• **ENTRIES SHOWN**:

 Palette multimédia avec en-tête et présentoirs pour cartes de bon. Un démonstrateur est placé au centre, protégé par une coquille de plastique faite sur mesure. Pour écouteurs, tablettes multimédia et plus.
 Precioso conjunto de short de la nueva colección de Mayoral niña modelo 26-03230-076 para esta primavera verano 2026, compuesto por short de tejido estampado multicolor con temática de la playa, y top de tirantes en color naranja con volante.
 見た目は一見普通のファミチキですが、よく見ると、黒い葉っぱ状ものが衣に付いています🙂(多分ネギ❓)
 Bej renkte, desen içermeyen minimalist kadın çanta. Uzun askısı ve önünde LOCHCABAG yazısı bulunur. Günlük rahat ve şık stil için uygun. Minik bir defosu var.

* * *

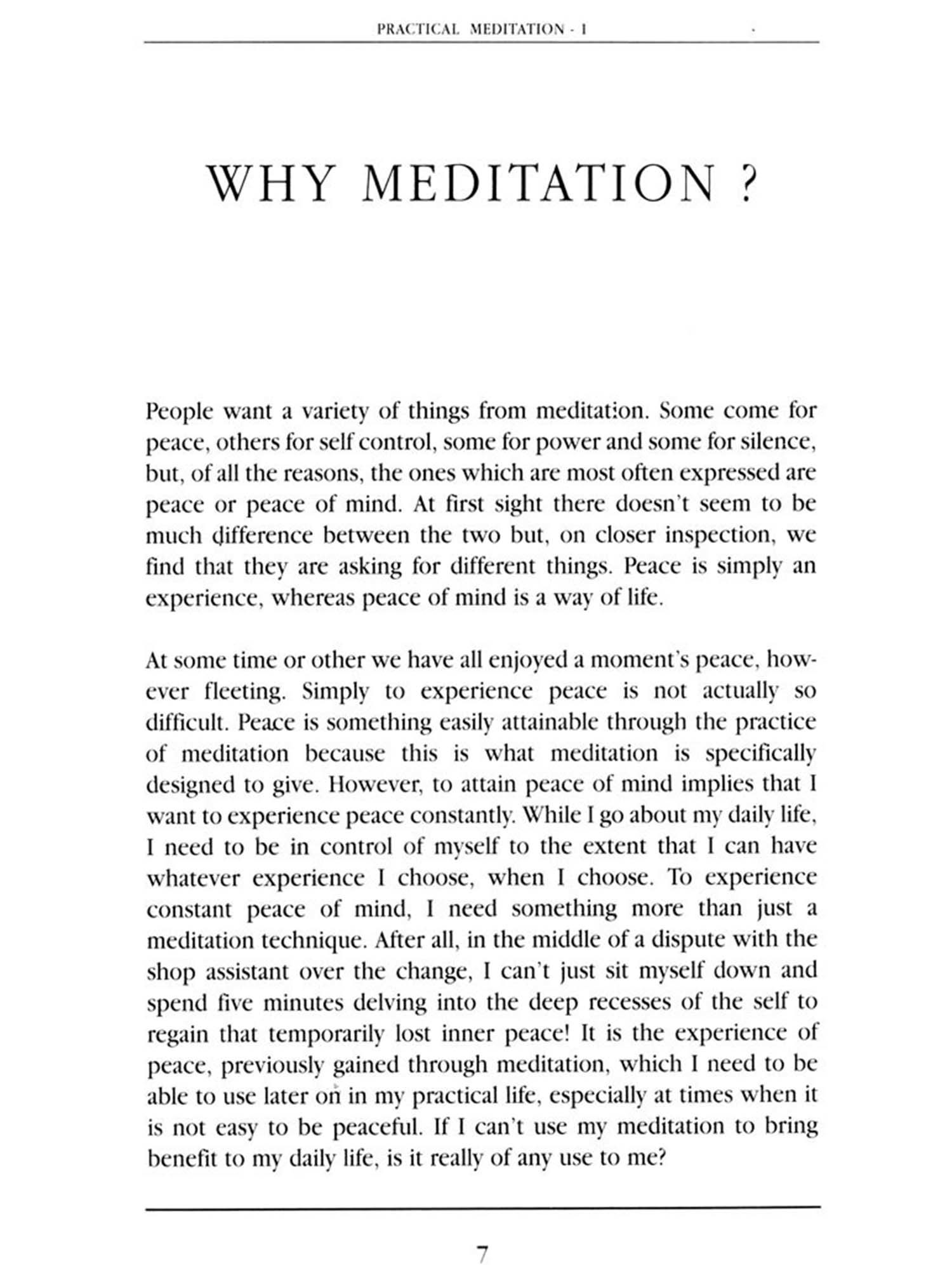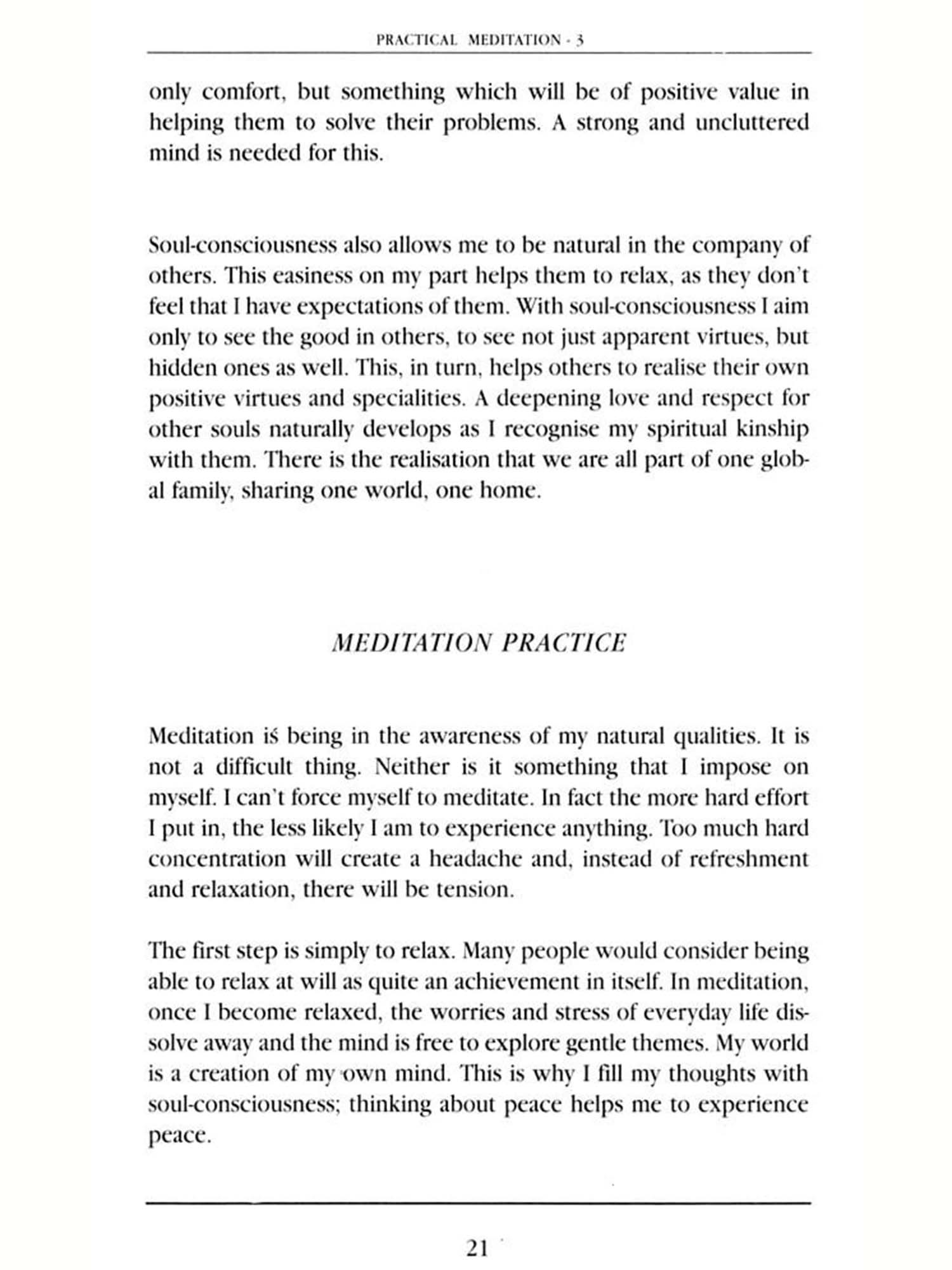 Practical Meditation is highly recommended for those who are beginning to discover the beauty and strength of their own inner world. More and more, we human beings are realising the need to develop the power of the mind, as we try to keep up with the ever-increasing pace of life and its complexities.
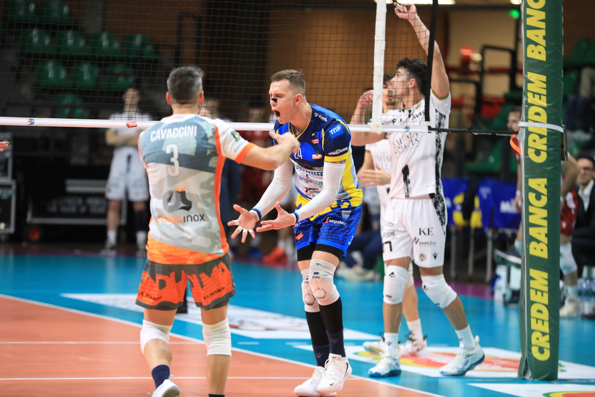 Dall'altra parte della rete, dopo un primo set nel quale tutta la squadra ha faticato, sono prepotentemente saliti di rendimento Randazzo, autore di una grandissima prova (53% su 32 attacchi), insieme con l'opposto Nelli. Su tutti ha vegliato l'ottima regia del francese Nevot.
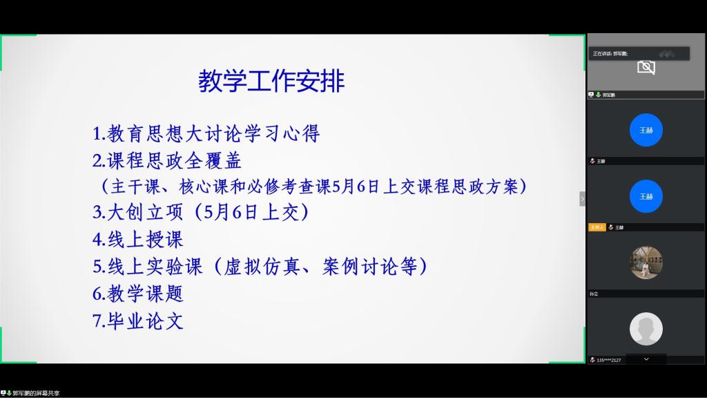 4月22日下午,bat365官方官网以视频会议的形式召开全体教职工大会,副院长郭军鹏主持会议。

• **WHAT IS NEEDED**: Working from the entries above, please transcribe only the lines from the line with "Dall'altra parte della" through the line with "4月22日下午,bat365", exactly, with both end lines and without pictures.

• **EXERCISE RESULT**:
 Dall'altra parte della rete, dopo un primo set nel quale tutta la squadra ha faticato, sono prepotentemente saliti di rendimento Randazzo, autore di una grandissima prova (53% su 32 attacchi), insieme con l'opposto Nelli. Su tutti ha vegliato l'ottima regia del francese Nevot.
 4月22日下午,bat365官方官网以视频会议的形式召开全体教职工大会,副院长郭军鹏主持会议。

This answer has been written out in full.